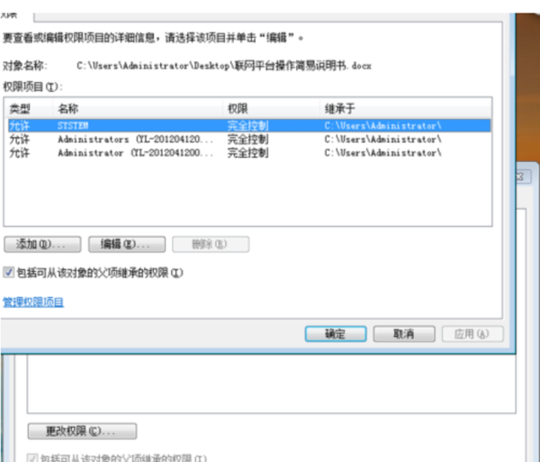 2、在资源管理器中鼠标点中该文件,右键→属性→安全→组合用户名→找到自己的身份→点最下面的高级按钮→权限选项卡→找到自己身份→查看自己的权限,若没有权限→点击添加→高级→查找→选中最高权限的administrator→确定。(若有了权限要勾选完全控制)
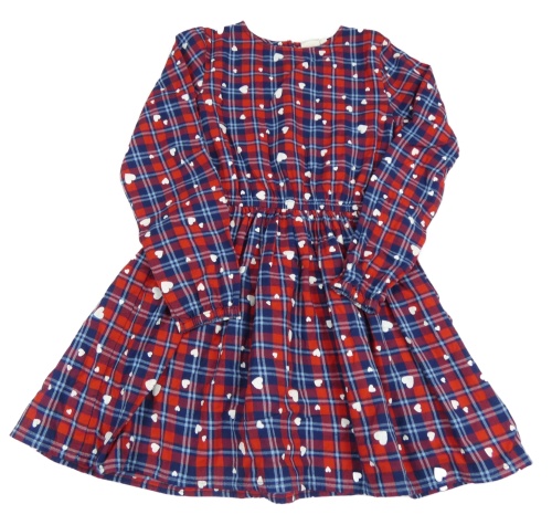 Červeno-tmavomodro-modré kockované šaty s bielými srdiečkami Zab Kids
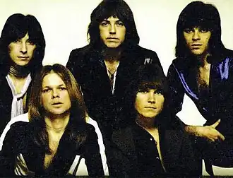 In November 1973, Fowley approached singer Scott Phares at Rodney Bingenheimer's English Disco about being the group's vocalist, having seen him perform a year prior at a swinger's ball with his previous band, the Boston-based group Adrian.[3][4] He also approached drummer Terry Rae, who at the time was working with San Francisco-based rock band Flamin' Groovies.[5] Rae had also worked with The Palace Guard, Strawberry Alarm Clock[3] and the psych rock act Jamme, whose sole LP was produced by John Phillips (The Mamas & the Papas).[6] Both musicians agreed to join the group.[4] Terry Rae recommended guitarist Ruben De Fuentes, who had played in a band with Rae previously. De Fuentes was initially hesitant to join due to his preference for hard rock, but Fowley convinced him to join.[7] They next added Gary Van Dyke on bass.[8] Mark Anthony was added last due to Fowley's wish to give the group more of a Beatles-like sound.[3]
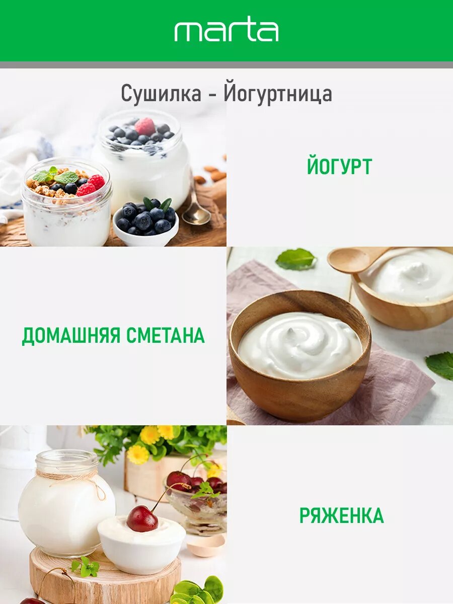 Дегидратор сушилка для овощей электросушилка MARTA MT-FD1888A 8 поддонов (4 основных + 2 для пастилы + 2 для ягод) белый
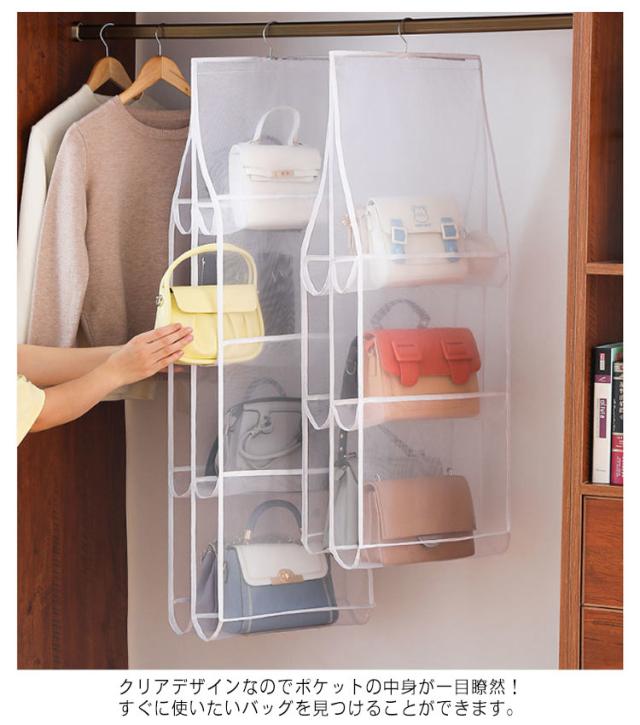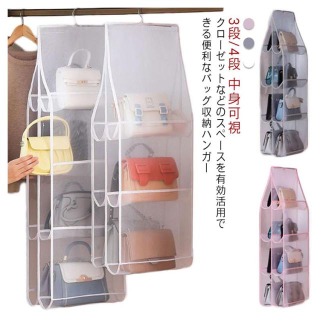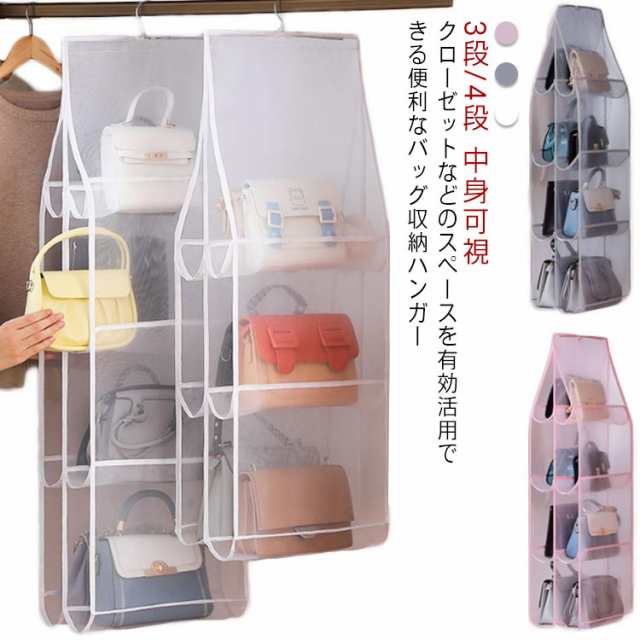 バッグ収納 ギフト ラック クローゼット収納 無地 北欧 防塵 中身可視 通気 フック付き カビ防止 洗える カバン収納 吊り下げ クローゼット バッグ収納ホルダー 壁掛け 整理整頓 型崩れ防止 お片付け 大容量 軽量 プレゼント ハンガー
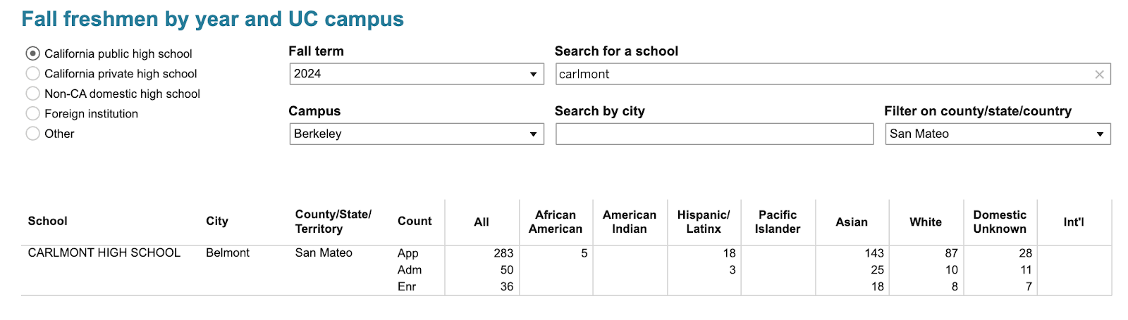 First, take a look at Carlmont’s admissions data to Berkeley, one of the most competitive UCs:
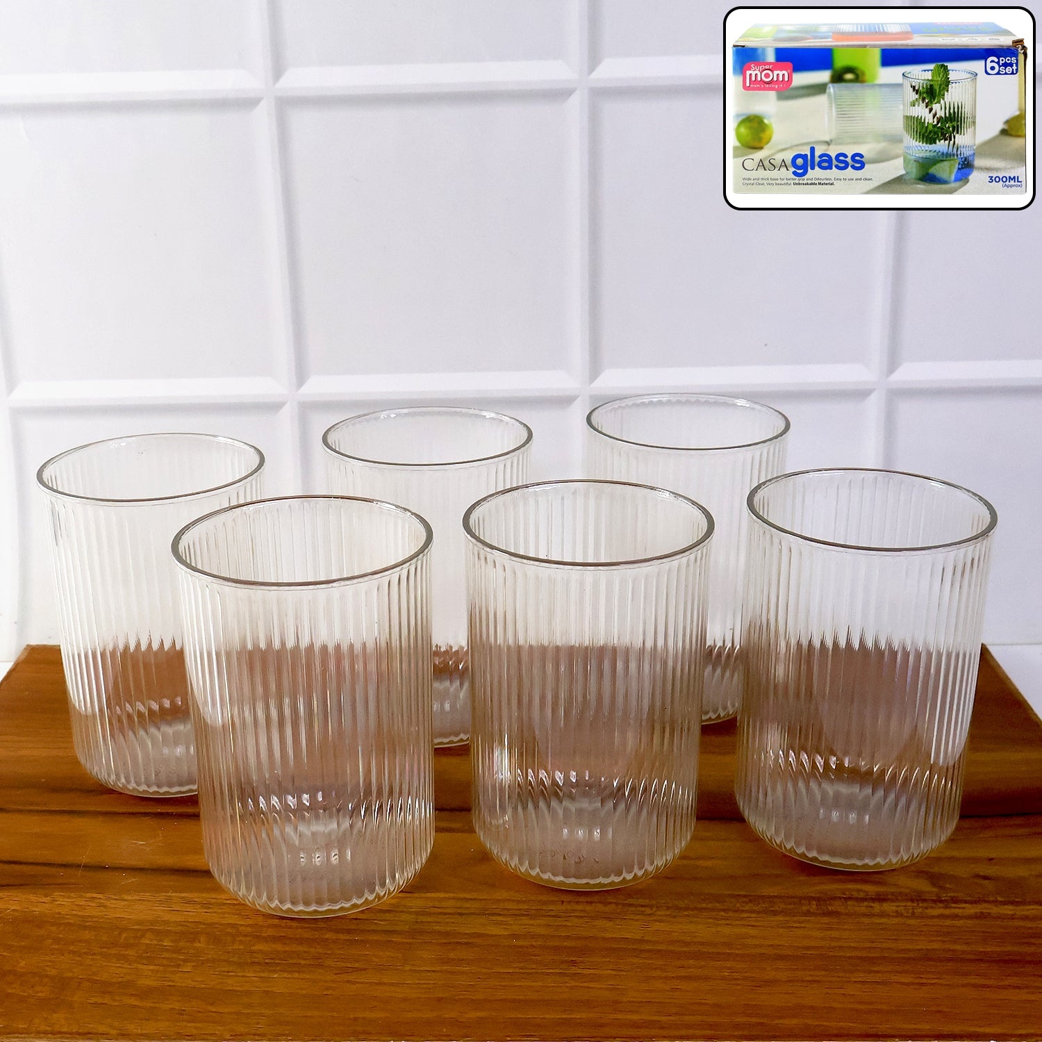 Supermom Casa Glass Set – 6 Piece Transparent 300 ml Tall Ribbed Glasses for Water, Juice, Cold Drinks & Daily Beverages
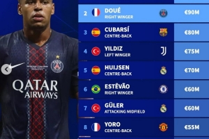 足坛U20球员身价最新排名:亚马尔以2亿欧元身价位列第一,杜埃排名第二,库巴西位居第三。
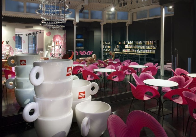 Галерея ИллиГалерея Illy – настоящий культурный салон, который путешествует по всему миру. Организаторы проводят светское мероприятие, ориентированное на бомонд и журналистов. Каждый раз его посещают известные люди из мира искусства, литературы, дизайна и кулинарии. Здесь лучшие бариста готовят кофе Illy под покровительством Università del Caffè. Кофейный университет - это глобальная программа Илли, дающая профессиональное образование в этой сфере людям, связанным с ресторанным и гостиничным бизнесом, а также тем, кто занимается производством и реализацией кофе. В специально подготовленном для салона пространстве мир преображается до неузнаваемости. Посетителей ждут публичные выступления, яркий дизайн, подарки от организаторов и, конечно, лучший кофе Илли. Думаете, раз это творческая выставка, значит, в небольшом помещении туда-сюда снуют понурые очкарики или претенциозные великосветские хлыщи и там нет места угощению? Вовсе нет, большинство посетителей и выступающих – открытые и общительные люди, которые пришли сюда обменяться впечатлениями и опытом во всем, что связано с кофейным бизнесом. Кроме того, в рамках салона проводится кофейная дегустация для всех присутствующих. Для бариста оборудуют отдельное пространство, где они поражают гостей салона своим мастерством и соревнуются в искусстве латте-арта. К напиткам предлагают аппетитные пирожные, больше похожие на миниатюрные произведения искусства. Райское наслаждение для души и тела! Центром каждой выставки является некая художественная инсталляция: это может быть огромная спиралеобразная скульптура из чашек Илли лимитированной коллекции или живые статуи, обыгрывающие кофейную тему. Дизайн Галереи Illy никогда не повторяется. Мировое арт-сообщество каждый раз с замиранием ждет, какие новые творческие идеи воплотят организаторы в своем проекте. Дефиле Галереи Illy по всему миру • В 2006 году в Милане, в самом сердце Брера, компанией Moroso была открыта Галерея Illy . Среди мероприятий, проведенных в галерее: торжественное открытие с художником Майклом Лином, выступления студентов фонда Микеланджело Пистолетто и Марины Абрамович. Также там проводились выступления известных писателей, дизайнеров и арт-хаусного режиссера Питера Гринуэя, куратора многих выставок.

########################################

## Work required:
In the listing above, the required lines run from the line with "バッグ収納 ギフト ラック" through the line with "First, take a". Output exactly those lines, omitting pictures.

## Reply:
 バッグ収納 ギフト ラック クローゼット収納 無地 北欧 防塵 中身可視 通気 フック付き カビ防止 洗える カバン収納 吊り下げ クローゼット バッグ収納ホルダー 壁掛け 整理整頓 型崩れ防止 お片付け 大容量 軽量 プレゼント ハンガー
 First, take a look at Carlmont’s admissions data to Berkeley, one of the most competitive UCs:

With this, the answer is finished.